[Your instructions]: Copy the listing exactly, please, and keep every picture out of it.

[Available data]:
________________________________________
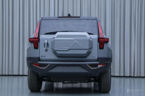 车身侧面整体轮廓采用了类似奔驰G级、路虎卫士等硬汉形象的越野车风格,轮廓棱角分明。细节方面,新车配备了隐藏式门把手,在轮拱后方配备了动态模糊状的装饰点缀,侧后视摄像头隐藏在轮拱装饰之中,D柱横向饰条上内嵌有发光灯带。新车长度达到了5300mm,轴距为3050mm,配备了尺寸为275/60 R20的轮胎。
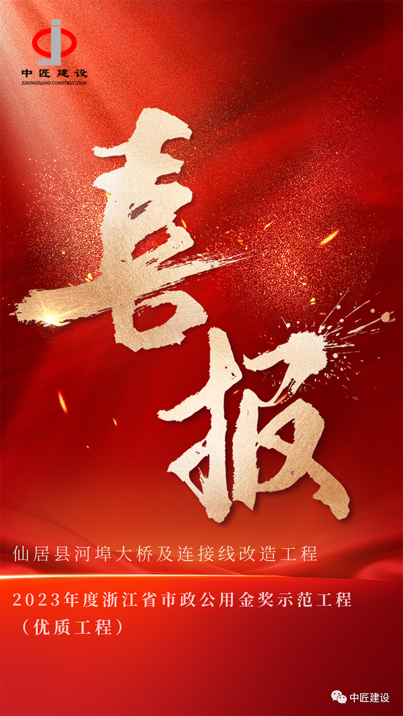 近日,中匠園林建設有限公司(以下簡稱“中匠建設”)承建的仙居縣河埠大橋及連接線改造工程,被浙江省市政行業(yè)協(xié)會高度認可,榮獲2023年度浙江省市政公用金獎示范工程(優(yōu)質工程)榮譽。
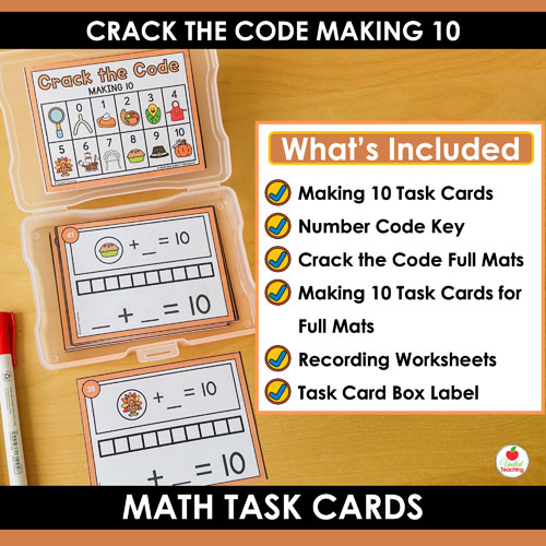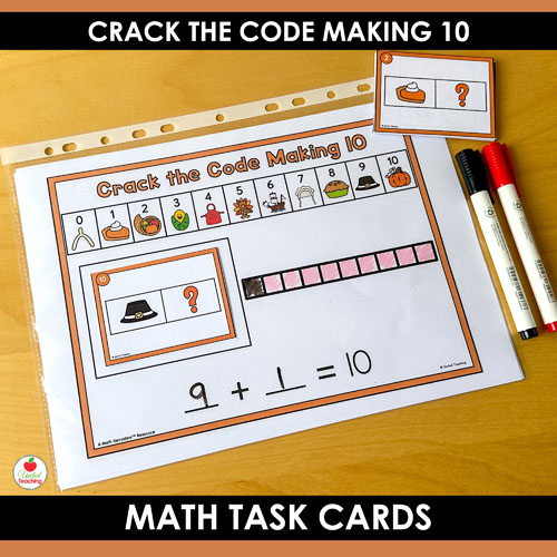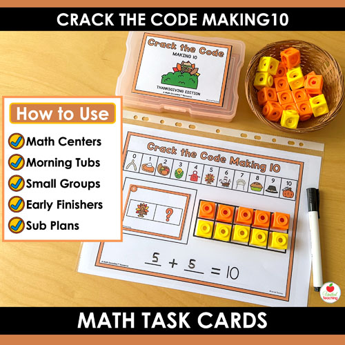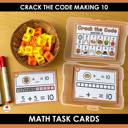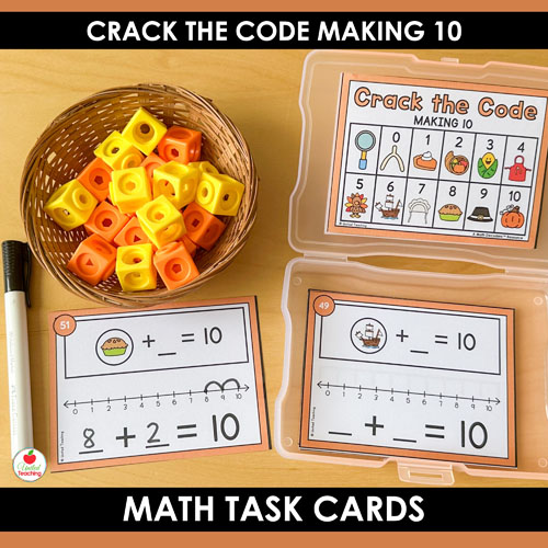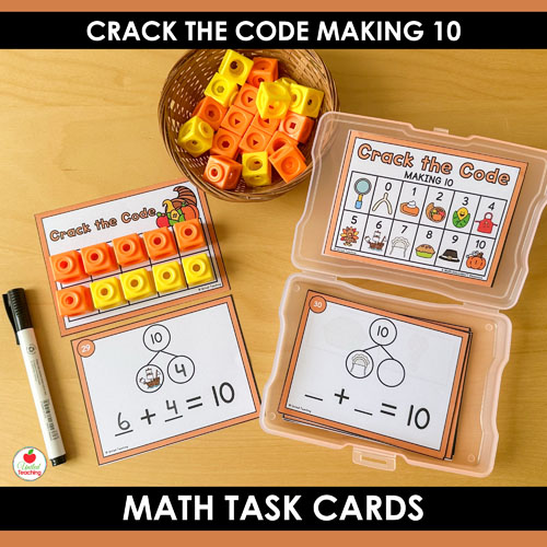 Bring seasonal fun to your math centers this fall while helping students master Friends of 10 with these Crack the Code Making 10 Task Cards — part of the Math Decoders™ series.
________________________________________
[Worked solution]:
 车身侧面整体轮廓采用了类似奔驰G级、路虎卫士等硬汉形象的越野车风格,轮廓棱角分明。细节方面,新车配备了隐藏式门把手,在轮拱后方配备了动态模糊状的装饰点缀,侧后视摄像头隐藏在轮拱装饰之中,D柱横向饰条上内嵌有发光灯带。新车长度达到了5300mm,轴距为3050mm,配备了尺寸为275/60 R20的轮胎。
 近日,中匠園林建設有限公司(以下簡稱“中匠建設”)承建的仙居縣河埠大橋及連接線改造工程,被浙江省市政行業(yè)協(xié)會高度認可,榮獲2023年度浙江省市政公用金獎示范工程(優(yōu)質工程)榮譽。
 Bring seasonal fun to your math centers this fall while helping students master Friends of 10 with these Crack the Code Making 10 Task Cards — part of the Math Decoders™ series.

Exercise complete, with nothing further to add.